Employment Rights Bill: what we know and what we don’t
Contesting a will on the basis of dementia
We speak to many people who have lost a loved one who had dementia and who believe the disease impacted their decision making when writing their will. Contesting a will on the basis that the person who made it was suffering from dementia is possible but it’s not as straightforward as you might think.
The validity of the will depends on the impact of the individual’s illness on their cognitive abilities at the time the will is prepared. To be able to make a will a person must possess ‘testamentary capacity,’ and this can sometimes be difficult to gauge given the variable nature of a disease like dementia. There are over 200 sub-types of dementia, many of which produce different symptoms and behavioural changes in individuals who are affected by the disease.
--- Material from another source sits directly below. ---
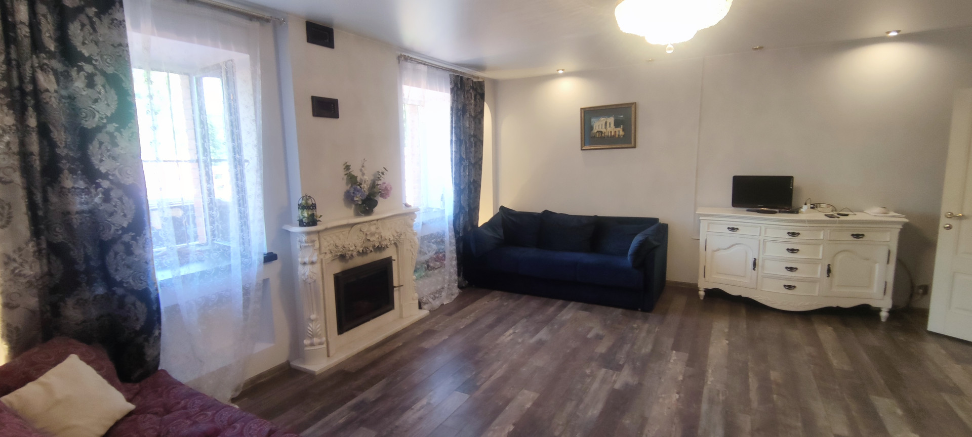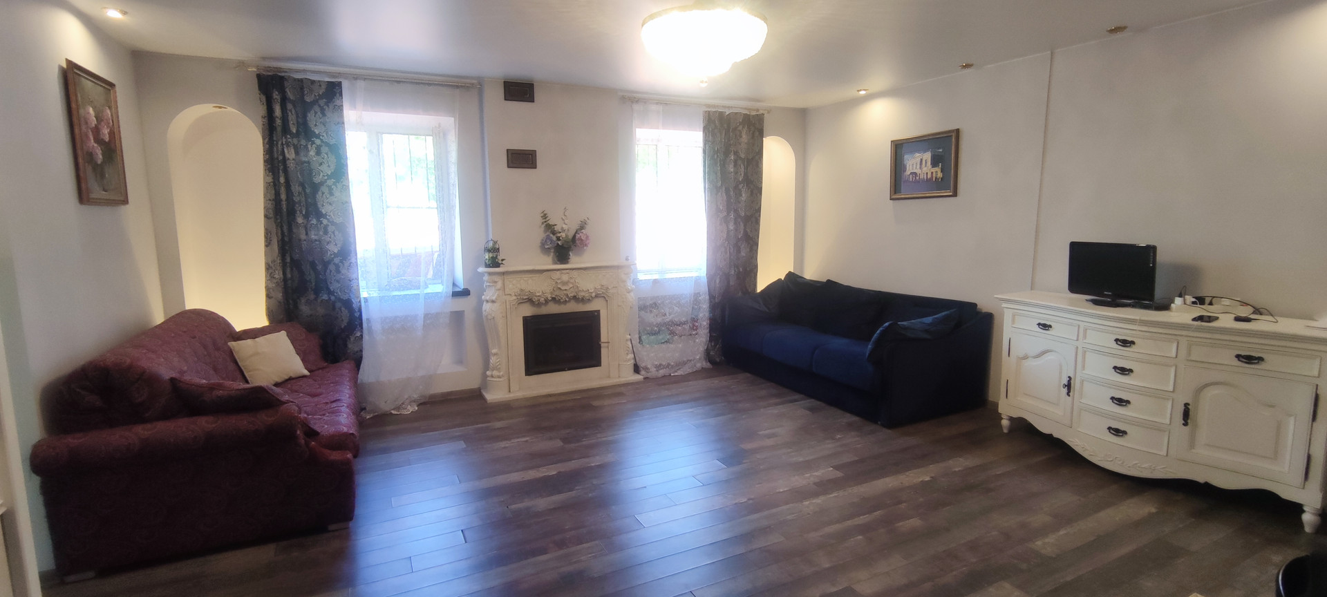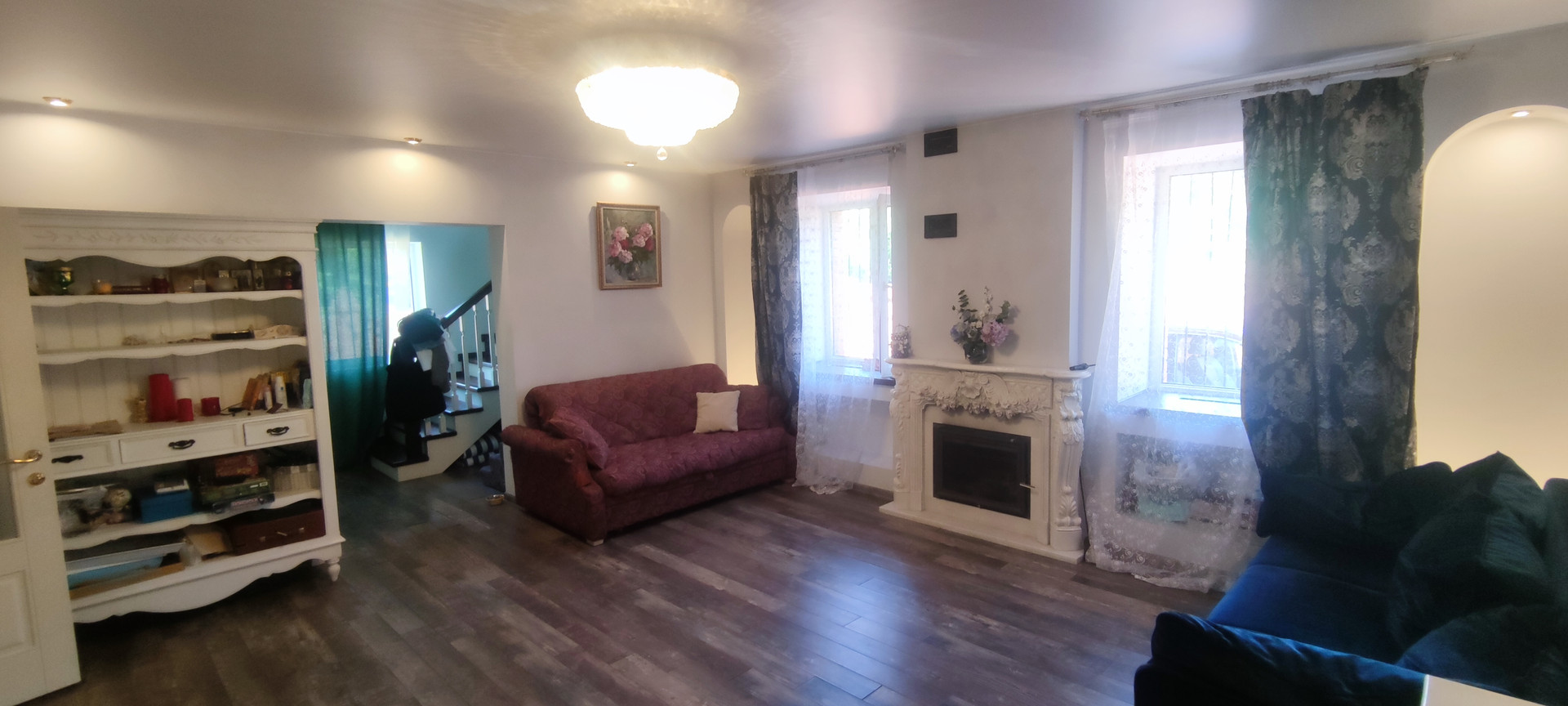 - 1-й этаж: большой тамбур со шкафами, гостиная с камином, подогреваемые пол, кухня полностью укомплектованная бытовой техникой и мебелью, с видом на фонтан, совмещенный сан-узел.

What factors are taken into account when assessing ‘testamentary capacity’?
Claims are dealt with on a case-by-case basis by considering evidence in relation to the following:
- Did the person making the will understand what a will is and its effects?
- Were they able to understand what assets they had and were able to pass on to their intended beneficiaries?
- Did they understand who they ought to consider making provision for in the will, even if they decided not to?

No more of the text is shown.